The Japanese occupied Saigon in 1940, where the Japanese surrendered in the 1945 riots. The riots were led from Hanoi by Viet Minh troops led by Ho Chi Minh himself. With the departure of the Japanese, the French were able to regain control of the city, but on 19 December 1946 the first Indo-China war began, involving Viet Minh and French troops. On 4 June 1949, French President Vincent Auriol signed an agreement returning Cochinchina to Vietnam. The war ended in 1954 with the Geneva Conference, where the country was divided into North and South Vietnam. Saigon then became the capital of South Vietnam. The second Indo-China war started on 1 Nov. In 1955, what is also known as the Vietnam War officially became the Vietnamese Civil War.
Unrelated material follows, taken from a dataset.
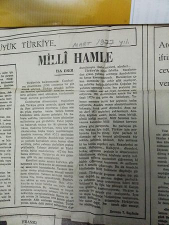Bu sıradan bir gazete kupürü değil, 1977 yılı Mart ayına ait Millî Gazete’mizin bir kupürü.

The war ended on 30 April 1975 with the liberation of Saigon and the US withdrawal. In 1976 Saigon officially became Ho Chi Minh City.


The climate in Ho Chi Minh City, as elsewhere in the southern part of Vietnam, is tropical and is divided into two main seasons, the rainy season and the dry season. It can rain from May to October but does not have to. These are in fact refreshing showers of a few hours at the most, and then the sun comes out again. The dry period is from December to April. The average annual temperature is 28°C.